Exactly. Even in the current dispensation, we have one fund house which has adopted the direct sales model without charging entry loads. Look at its marketshare. It is less than 0.01% of the MF industry’s total asset base. If asset managers feel that they could sell directly, they would have already done so. There is no rule which prohibits fund houses from selling directly.
Are you saying that this proposal is unfair to mutual fund distributors?
Look at insurance distribution. There, the first premium commissions on unit-linked insurance plans can go up to 50%. That’s 25 times what it is for selling mutual funds. If at all a direct model is required, it is in the insurance business and not in mutual funds.
There should be a level playing field for mutual fund and insurance distributors. What the MF industry needs is an independent regulatory framework under Sebi to tackle the various issues concerning the MF industry in a holistic and investor-distributor-asset manager friendly manner. Also, Indian customers are culturally loathe to paying any fees for advisory services and the days of charging fees to retail customers on the portfolio value or by the hour are still far away.
But the broad consensus is that this new practice, if introduced, could restrict churning?
It could restrict churning. But it’s like throwing the baby out with the bath water. If distributors are shown the door, who will cover cities such as Begusarai, Ambala and Pathankot? Tighter legislation that directly restricts churning of clients’ portfolios is the way forward.
It’s not difficult to collate churn reports from registrars to funds. This should be called for by the regulator on a regular basis and punitive actions taken against those who churn beyond a limit. The second option is to allow no-load schemes with higher trail commissions to distributors. The system should be designed in such a way as to provide a retention bonus — the longer an investor stays in a fund, the higher should be the commission the distributor gets. That way, it’s a win-win for everybody.

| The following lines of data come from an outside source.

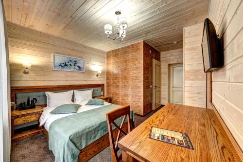 Podgorie度假村的每间客房均拥有木制乡村风格的装饰。所有客房和小屋都配有平板电视和带吹风机的浴室。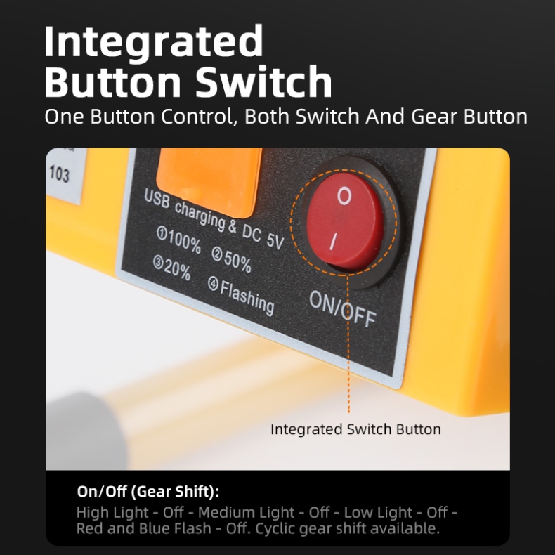 3. Multiple Lighting Modes: Strong, medium, weak, and red-blue flashing for various needs.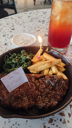 Read moreWe only ordered one sirloin steak just to figure how bad it is from the review. So, maybe this review isnt quite fair.. However, it is really that bad, i must say. The steak came out so quick, no smokey flavor at all, no buttery smell, portion is small, spinach is overcooked, and 1/3 of the sirloin which is the fat cannot be cut and chewed - indicating whoever cooks this doesnt know even the basics on how to properly grill a steak. I personally suspect this is microwaved. Overall this is just like homemade / warung steak, with a much higher price of course. This is a completely different quality with Chef Afit's, i do not recommend eating steak from this place, you can defly get better ones at steak21 with the same price.. No, please go and find and get to Chef...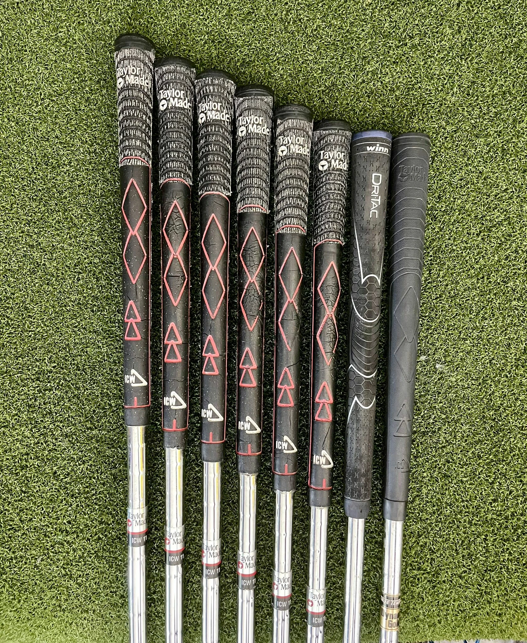 GRIPS:  TaylorMade ICW – AW With Winn Dri.Tac  (Fair Condition, Need To Be Replaced Soon)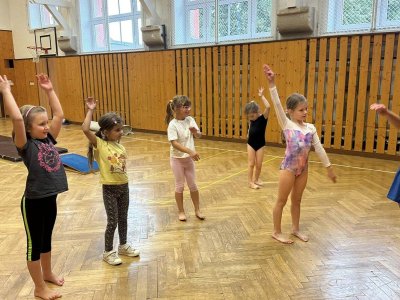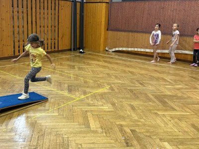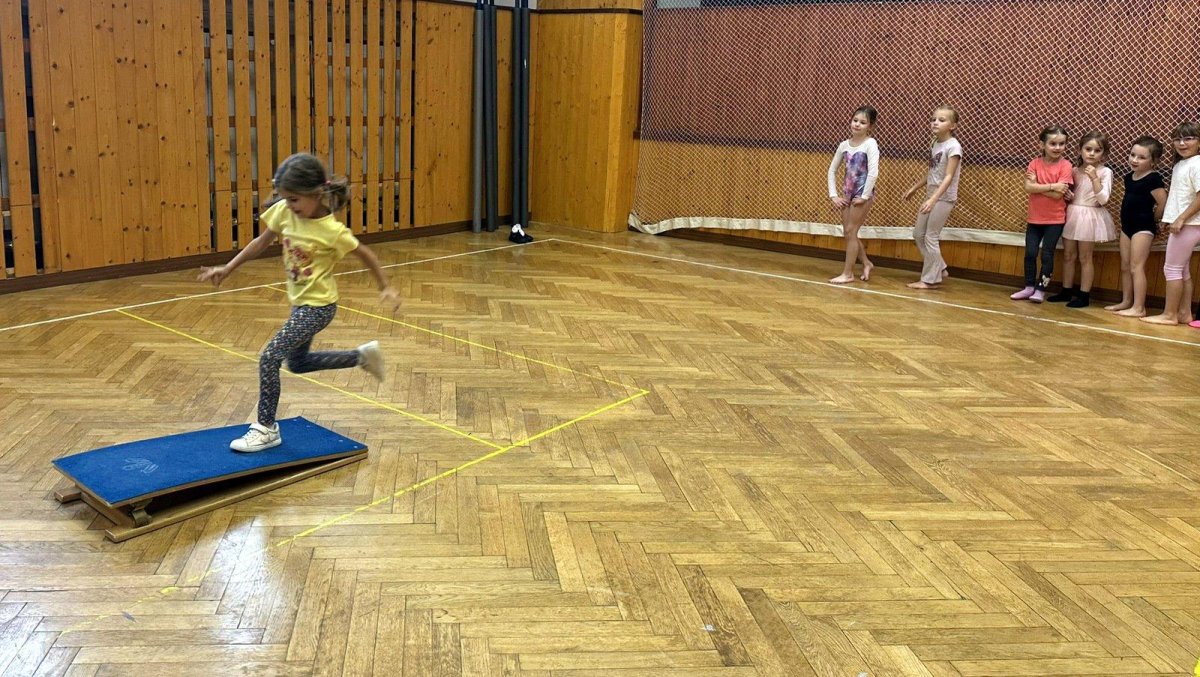 Hned při první hodině jsme začali pořádnou rozcvičkou, abychom si protáhli všechny svaly. Pak jsme se pustili do skoku přes vodu, což nás pořádně bavilo. Největší pozornost jsme však věnovali nácviku kotoulů, stojek a hvězd. Každý se snažil ze všech sil a vidět pokroky už během prvního tréninku bylo skvělé!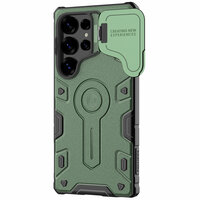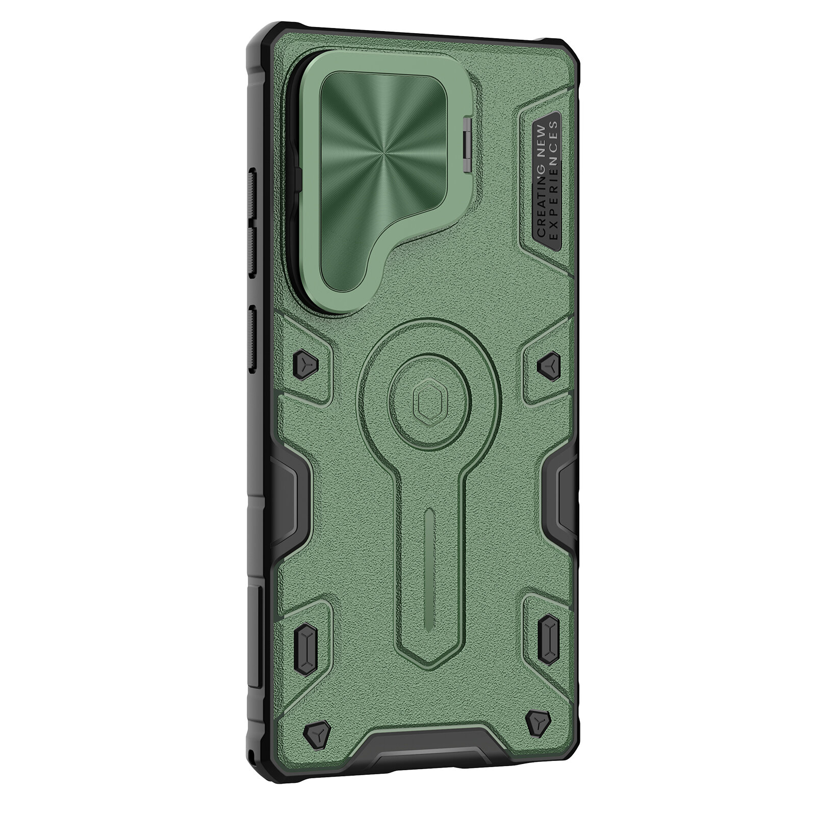 Купить Противоударный чехол зеленого цвета от Nillkin на Samsung Galaxy S25 Ultra с откидной металлической крышкой для камеры, серия CamShield Armor Prop Case с доставкой по всей России.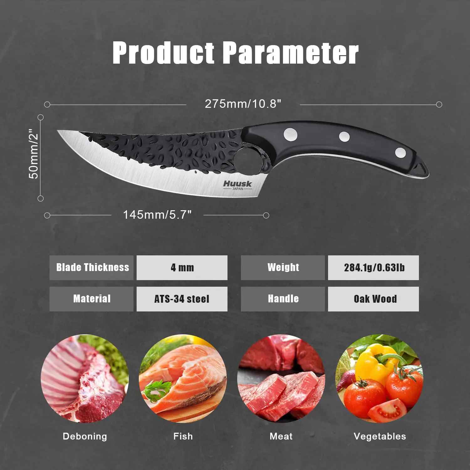 ·Belt Sheath - Quality leather sheath can protect the blade well and you can put on a belt for easy carrying when camping outdoor. Huusk boning knife can easily slice, dice and mince meat, fish, vegetables, fruits,etc. It's definitely your practical assistant whether you are indoor or outdoor.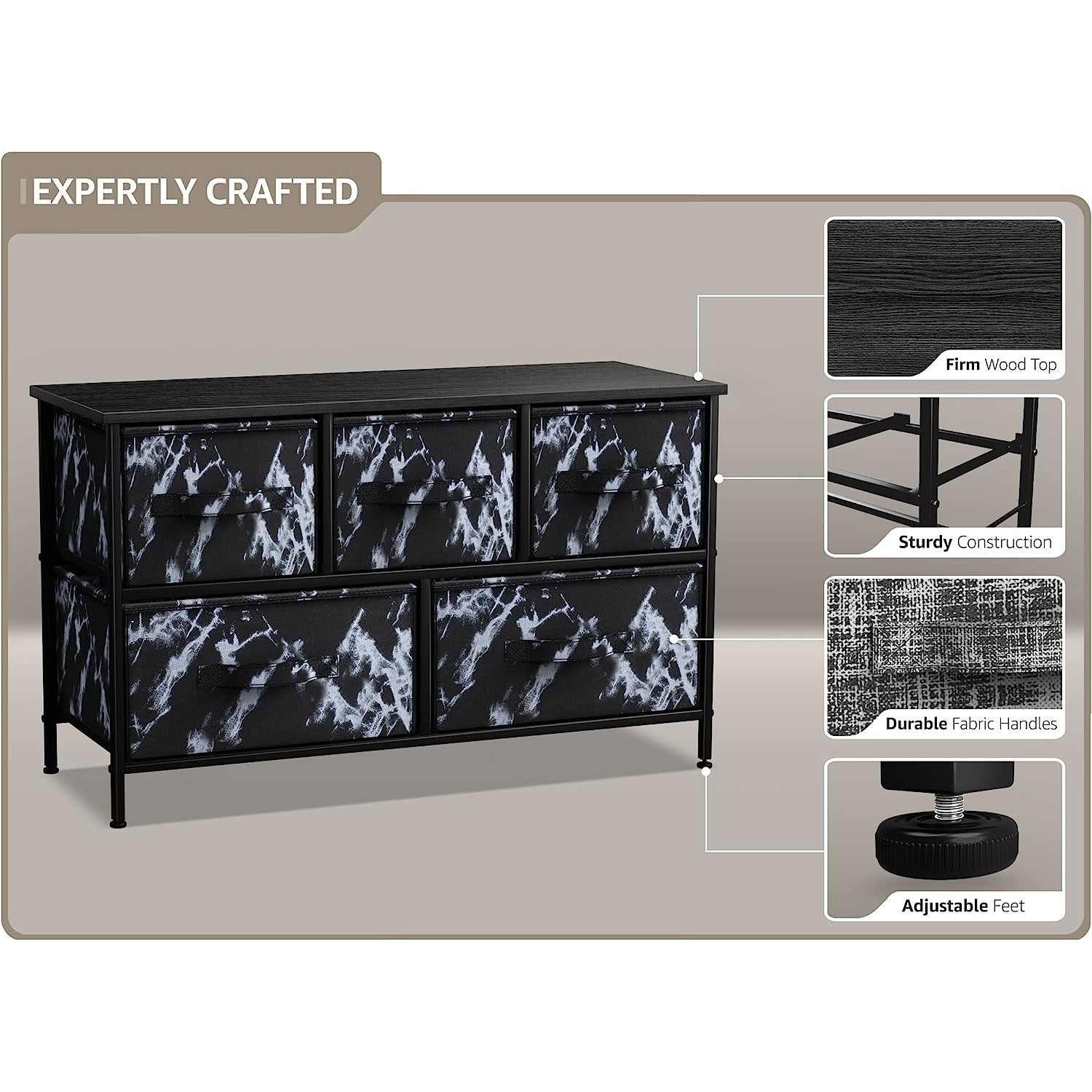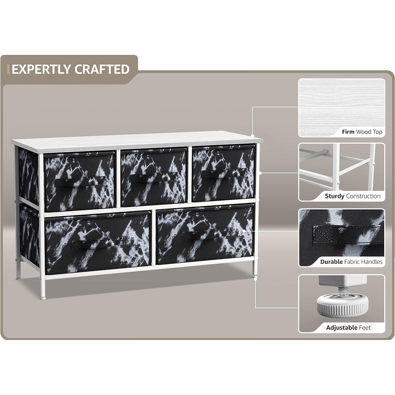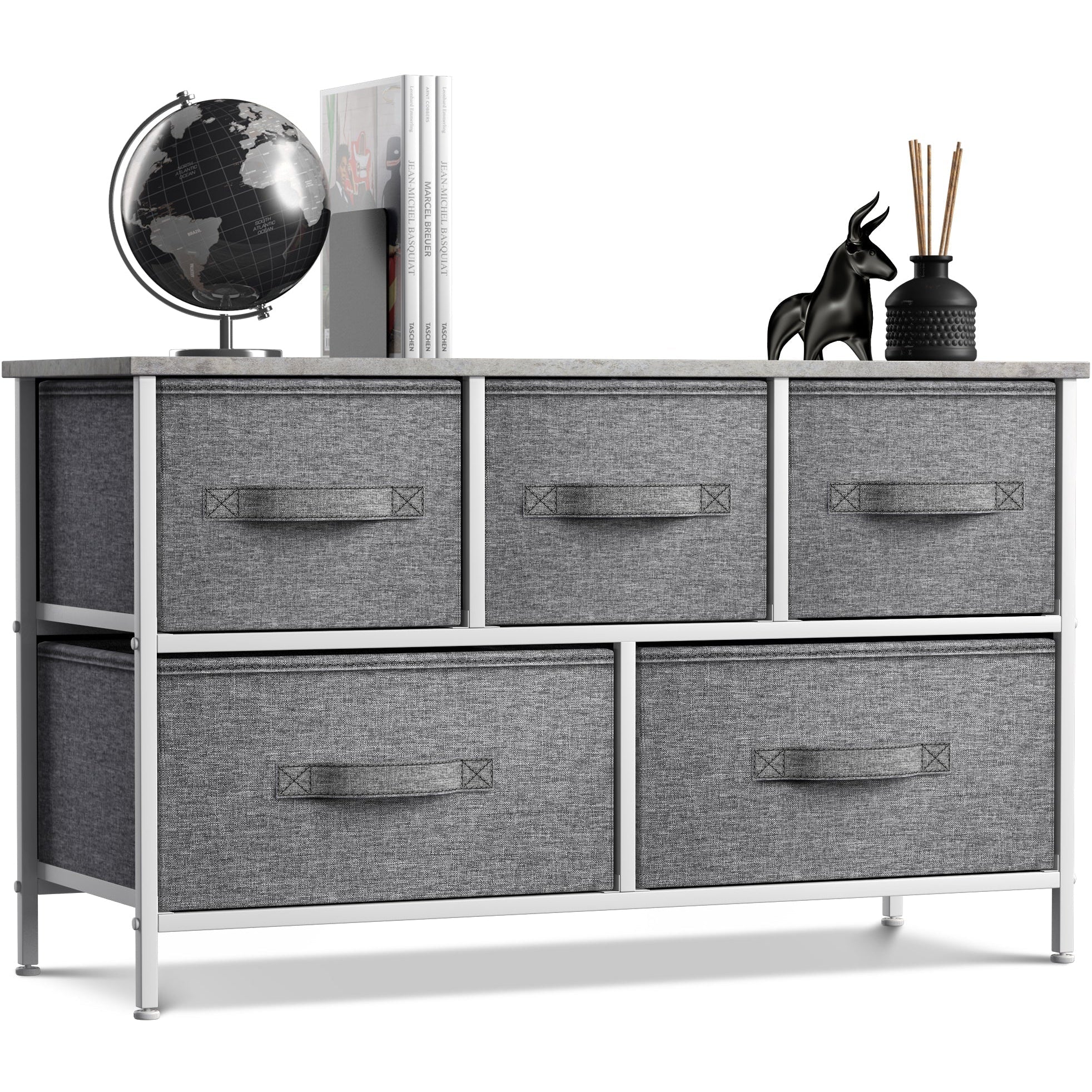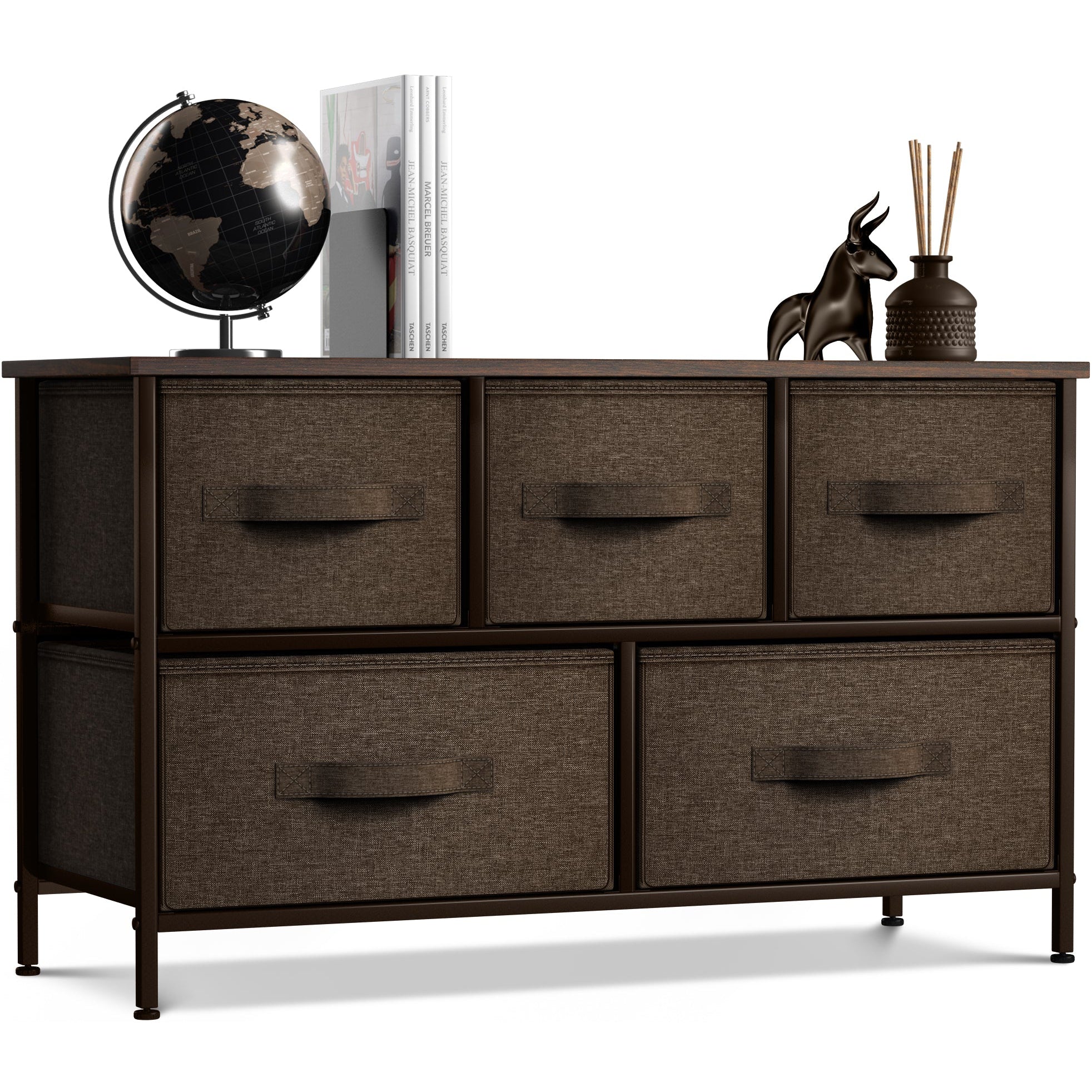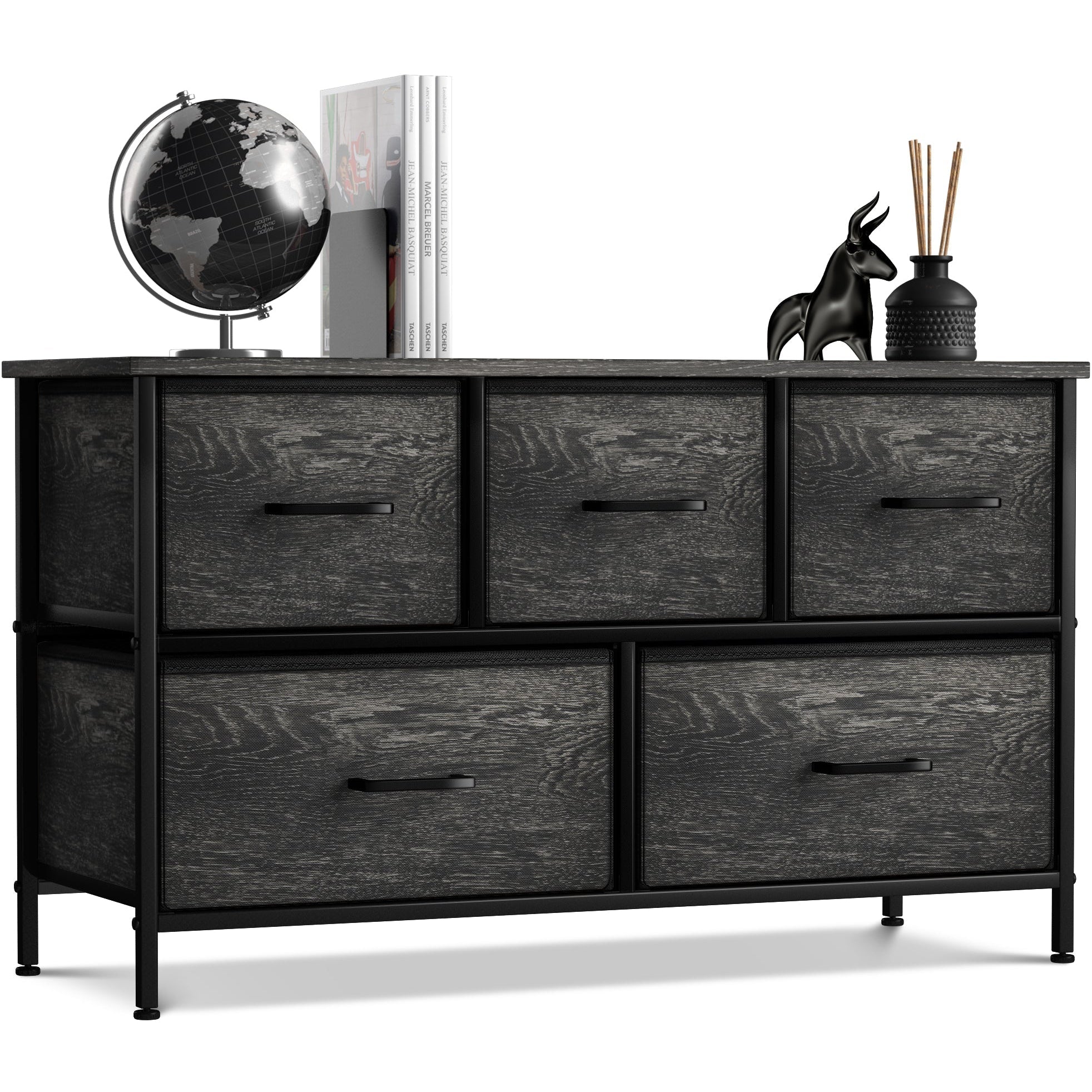 Give your household essentials a cozy landing spot with the Sorbus 5-Drawer Dresser. This wide dresser chest features a tabletop surface and pull-out drawers to tuck away household clutter. The thoughtful design is great for small living spaces and works equally well near the bed or sofa. Organization enthusiasts will enjoy filling each drawer with clothing, linens, and knick-knicks from around the home. The lightweight frame makes this unit easy to transport and when not in use, simply dissemble the frame and fold the fabric drawers flat for storage. Use alone as a single unit or pair with matching styles from the Sorbus Furniture Collection.

We’ve heard that some banks are lobbying hard to throw the proposal into the dustbin as they would be the worst affected?
I am not aware of any lobbying efforts, but banks that distribute third-party products, such as mutual funds, will definitely be massively hit. A majority of NFO sales are done by banks. This is because they have a large number of HNI clients.
These HNI customers can significantly save on brokerage costs and if this proposal becomes law, then these market-savvy HNIs would prefer to switch to that model. But why banks alone, all distributors regardless of their size or reach will be impacted. In fact, rebating, which was banned by Sebi, may make a rampant comeback as investors could force distributors to rebate or they could go direct to save load costs.
Can you throw some light on distribution models adopted in other countries like the US?
Look at the US model. Vanguard, which sells mostly passive funds, has adopted the model, but still stands out as a minority in a market driven by the conventional distributor sales model. Look at the computer hardware business where only Dell has a direct selling model, but yet, a majority of the computers are sold through the reseller model by Compaq, Lenovo, Acer, etc. Even Dell has been forced to change its model of late and use the reseller route.
Your final take on the issue?
Let the direct model and distributor model co-exist without making either mandatory. Leave it to market forces to determine, which is required and is best for all parties concerned, including the investors and asset managers. But, definitely, tighten laws relating to mis-selling and churn. Investor interest is paramount and has to be above all considerations.